Erwachsene müssen sich auf zwei mehrstündige Untersuchungen vorbereiten, die eine Blutabnahme, die Messung der Knochendichte sowie Urin- und Speichelproben beinhalten. Es werden Nährstoffaufnahme, Schwermetalle, Schimmelpilzgifte und die Analyse des Mikrobioms im Darm untersucht. Zusätzlich müssen sie über eine App für einige Tage detaillierte Ernährungsdaten sammeln. Dazu gehört beispielsweise die Angabe, ob rohe oder gekochte Möhren gegessen werden und die genaue Messung der Grammzahl von Äpfeln im Müsli mit einer Küchenwaage.

Merz geht davon aus, dass Studien-Teilnehmerinnen und -Teilnehmer im Laufe der zwei Jahrzehnte, während derer sie alle paar Jahre befragt und untersucht werden sollen, auch mal ihre Ernährungsweise wechseln. «Die Realität ist, dass man Ernährungsformen ändert.» Für die Wissenschaft sei das kein Problem – denn auch daraus ließen sich Erkenntnisse gewinnen. Dass Thesen und ältere Fakten überworfen werden, gehöre ebenso dazu: So hätten Vorstudien gezeigt, dass ein Mangel an Vitamin B12 bei Veganern kein großes Thema mehr sei, sagt Merz. Viele wüssten von der Problematik und nähmen Nahrungsergänzungsmittel.

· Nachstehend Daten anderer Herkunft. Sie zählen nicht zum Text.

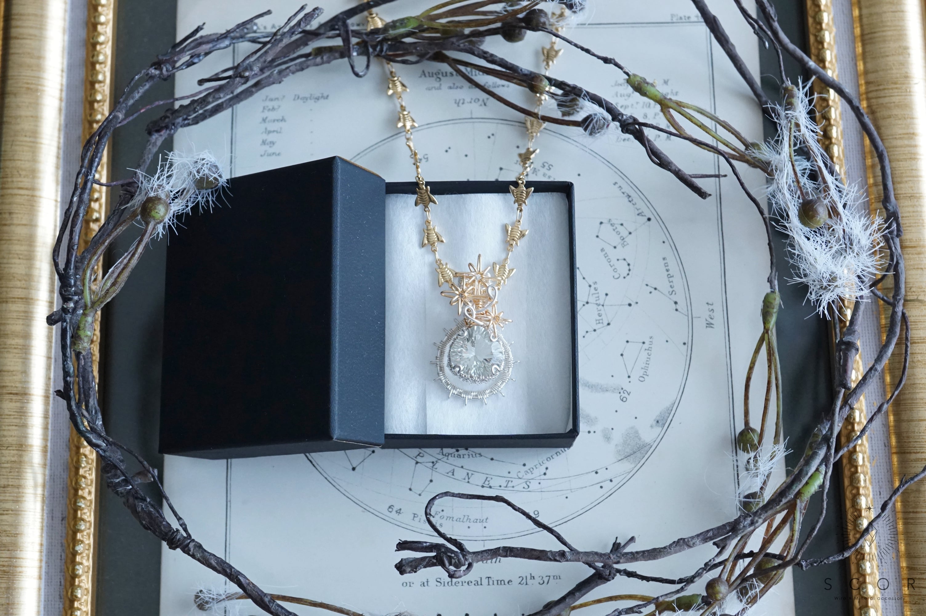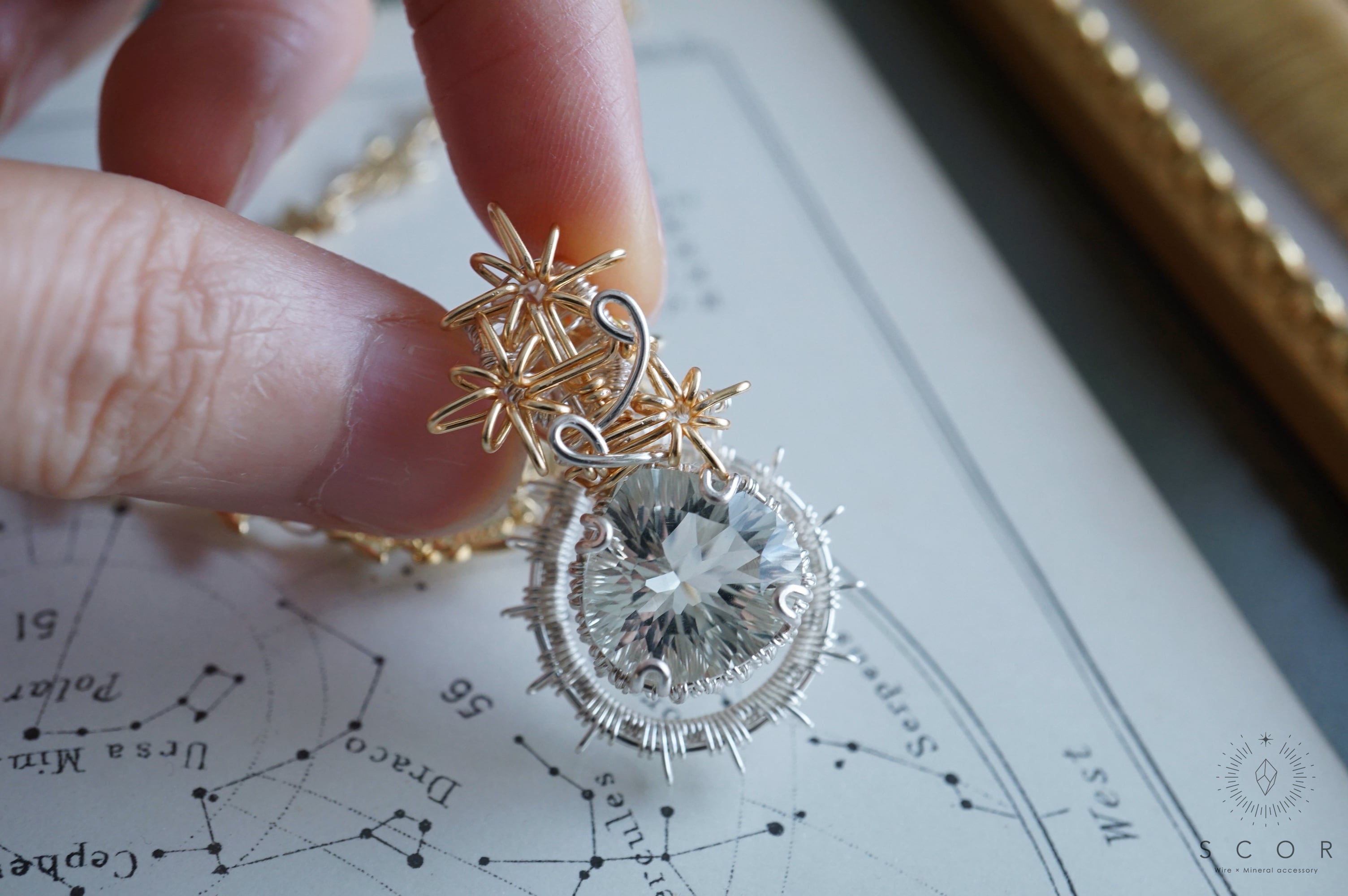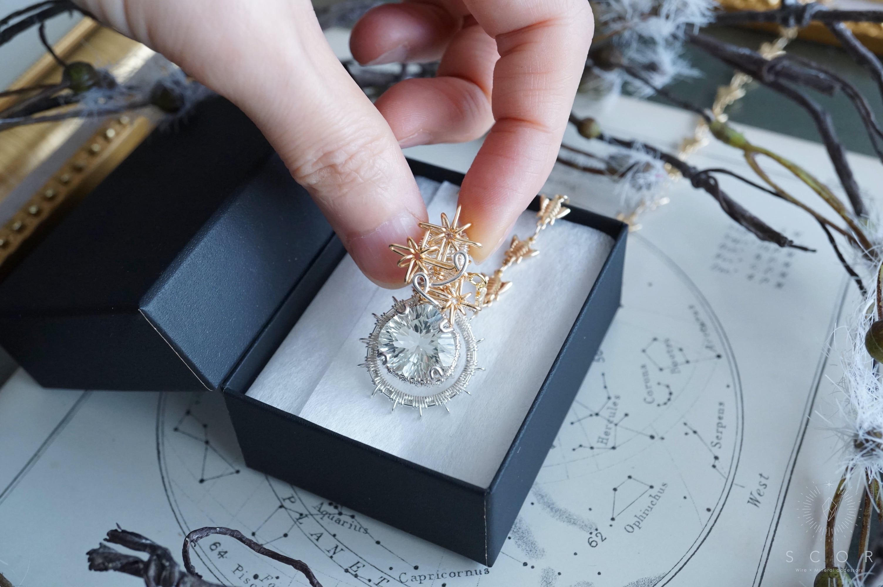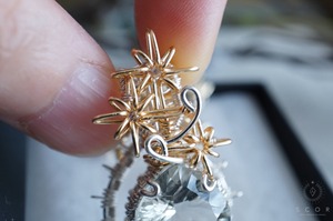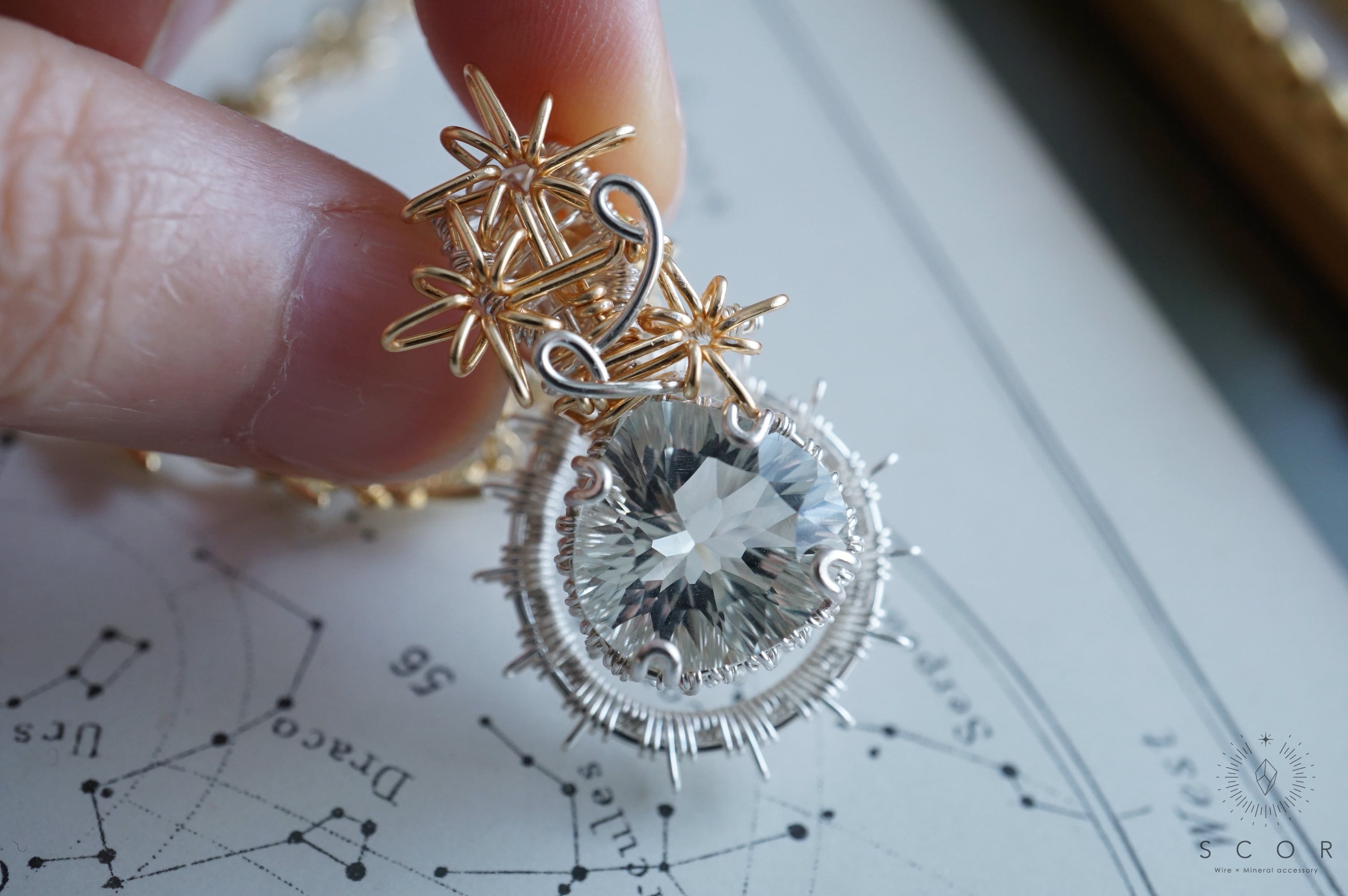 グリーンクオーツとルベライトの間に添えた光芒型のワイヤーモチーフは、流星のイメージ。

Dass fleischfreie Ernährung im Jahr 2024 immer noch ein Diskussionsthema ist, erlebt Probandin Böckstiegel, wenn sie nach Hause kommt: «Meine Oma fragt dann, was sie jetzt bloß zu Essen machen soll.» Beim Grillen sei ihre Familie so offen, dass sie nicht nur fleischfreie Würstchen-Varianten auf den Rost legt – sondern auch selbst mal probiert.